Then we pass them on to the GameManager, so they are used when targets or new players show up:

// src/main.tsx
//...
const cookie: HTMLImageElement = document.getElementById("cookie") as HTMLImageElement;
const mouth: HTMLImageElement = document.getElementById("mouth") as HTMLImageElement;
captureCamera().then(stream => {
  const renderer = new CanvasRenderer(stream, video, canvas);
  renderer.renderCanvas();
  const manager = new GameManager(renderer, container, 0, [mouth, cookie]);
  manager.startGame();
})

Conclusion

By following this tutorial, you’ve taken a significant step towards understanding and utilizing real-time pose estimation in web applications. We’ve explored how to set up a basic project with Vite, access and manipulate the webcam feed, integrate TensorFlow’s MoveNet for pose detection, and creatively use these poses to interact with game elements rendered on a canvas.

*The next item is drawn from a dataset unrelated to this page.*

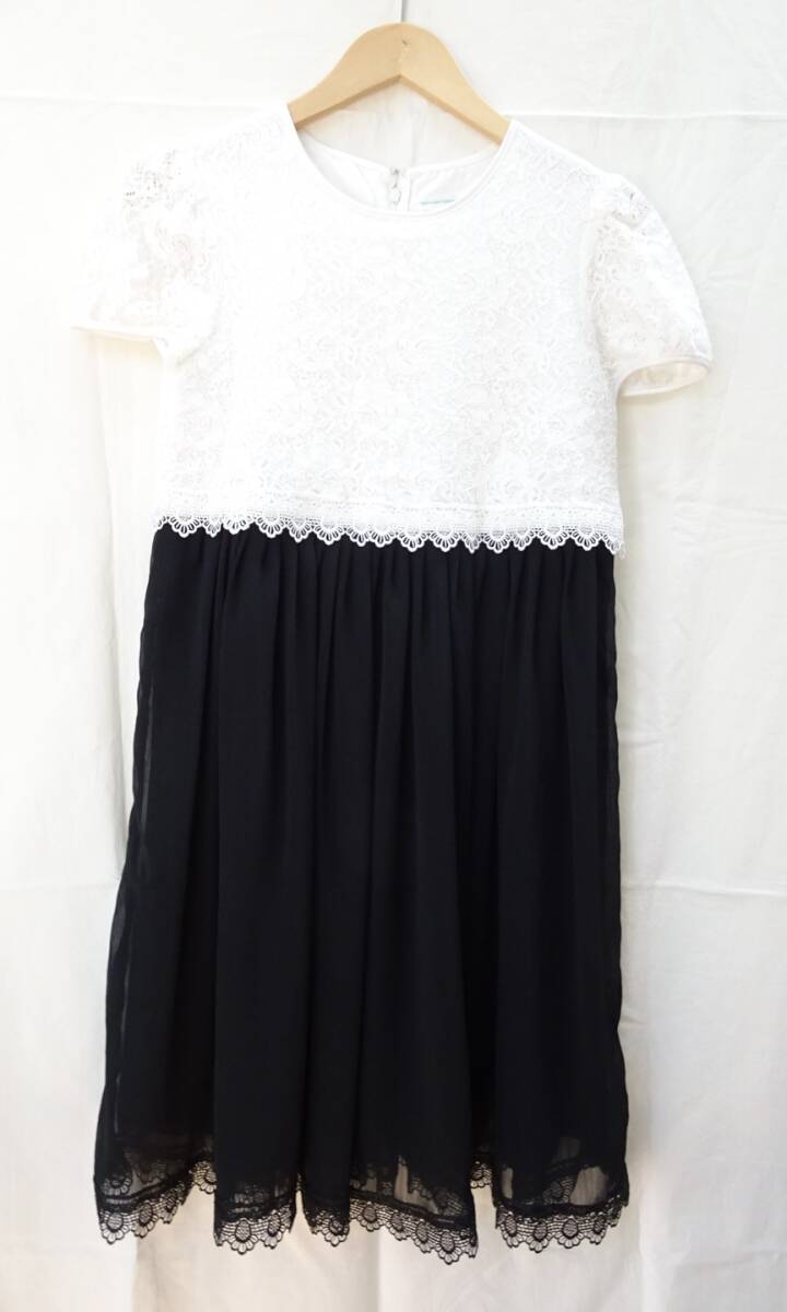 Catherine Cottage★キャサリンコテージ★ドッキングワンピース★フォーマル★レース×シフォン★ホワイト×ブラック★半袖★150

But the journey doesn’t have to end here. The flexibility of the technologies we’ve discussed allows for vast creativity and innovation. Consider enhancing the game with additional features like multiple pose tracking, integrating more complex game mechanics, or optimizing performance for various devices.

If you found this guide helpful or have developed something unique based on this foundation, don’t hesitate to share your results or contribute to the companion repository. Engaging with a community can provide valuable feedback and new ideas, and help others on their development journey. Let’s continue to push the boundaries of what’s possible with interactive web technologies!